In Quintessential Case Of Solving A Blind Murder, Strict Scrutiny Of Evidence Is Warranted Before Convicting Accused: SC
|While hearing an appeal against the conviction order based mainly on the last seen together theory, the Supreme Court held that in cases of conviction related to blind murders where there are its and bits of evidence, the conviction should be based only after strict scrutiny of evidence.
While noting that the High Court and Trial Court failed to properly evaluate the evidence, a Two Judge Bench of Justice Hrishikesh Roy and Justice Manoj Misra observed that “the case in hand is a quintessential case where to solve out a blind murder, occurring in a forest in the darkness of night, bits and pieces of evidence were collected which warranted a strict scrutiny before basing a conviction thereupon. On putting the prosecution evidence to strict scrutiny and testing the same on the anvil of settled legal principles as discussed above, we find the evidence not confidence inspiring as to uphold the conviction of the accused appellants”.
Advocate Ashok Mathur appeared for the Appellant, whereas, Advocate Jatinder Kumar Bhatia appeared for the Respondent.
Going by the background of the case, the two accused, Shabbir and Ravi were convicted for the murder of deceased Chotu. Relying on the testimony of prosecution witnesses, the Trial Court concluded that the deceased was last seen together alive with the accused, and thus convicted the two accused. The High Court also upheld the conviction order upon the findings that prosecution evidence are properly corroborated.

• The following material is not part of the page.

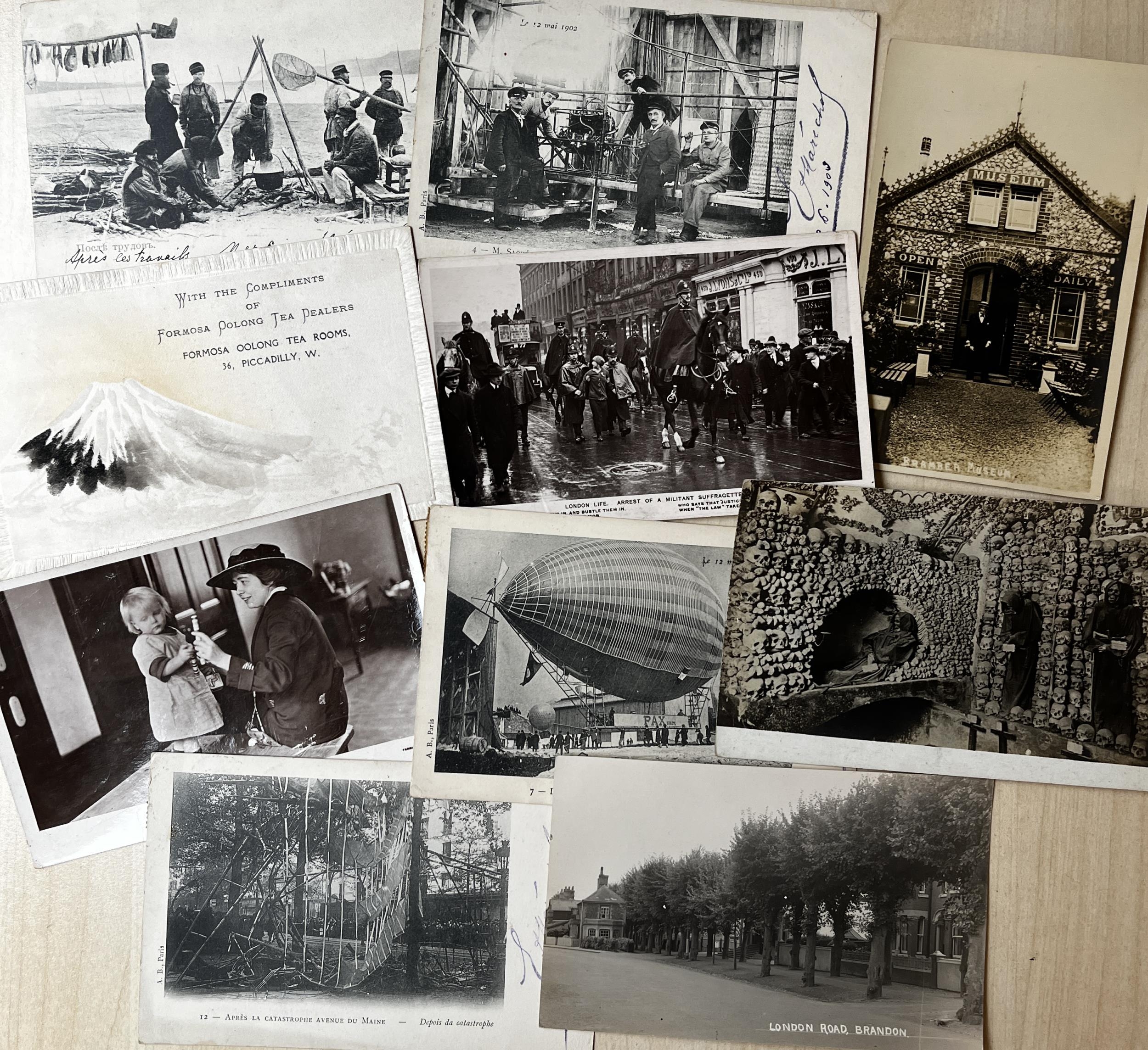 A collection of several hundred early to mid-20th Century postcards, collected on various themes including Rural Russian Life capturing the everyday life, landscapes, and traditions of rural Russia, UK Real Photos of Villages and Sea-side scenes, A series of postcards celebrating French culture, famous personalities, and iconic landmarks, including the renowned Moulin Rouge in Paris, noted x2 UK Suffragette Cards and a series of cards on early French air pioneers, including a series chronicling the flight of an air balloon and the tragic disaster that followed, condition is generally good throughout

Upon perusal of the submissions and statements made under Section 313 of CrPC, the Apex Court observed that some part of the story is completely absent in the FIR even though it was lodged by the father of the deceased who, as per his deposition, was having information about it.
Thus, the Bench said that this would give rise to suspicion as to whether the later improvements in the story were to create link evidence with the help of newly introduced witnesses.
Since the Trial Court had mainly relied on the testimony of the second prosecution witness, the Bench noted discrepancies to the extent that the same person had changed his testimony several times; there was a delay in recording his testimony, and there is no reasonable explanation to explain such delay.
Thus, placing reliance on the decision of Kali Ram v. State of Himachal Pradesh, [(1973) 2 SCC 808], the Bench held that no reliance could be placed on the testimony of the witness if the same is not worthy of any credit.
While elaborating on ‘chance witness’, the Apex Court raised a question as to when the name of a witness was not mentioned in the FIR, then why did the Inquiry Officer go to his home to record his statement under Section 161 on the date of the incident itself.
The Bench, therefore, held that the testimony of the witness does not inspire confidence to sustain the conviction, as the same was accepted by the Trial Court and High Court as gospel truth, thereby resulting in grave miscarriage of justice.
Hence, stating that the prosecution has failed to prove beyond reasonable doubt that the deceased was last seen alive in the company of the accused near the spot at the relevant time, the Bench acquitted the two Appellants of all charges and ordered their release.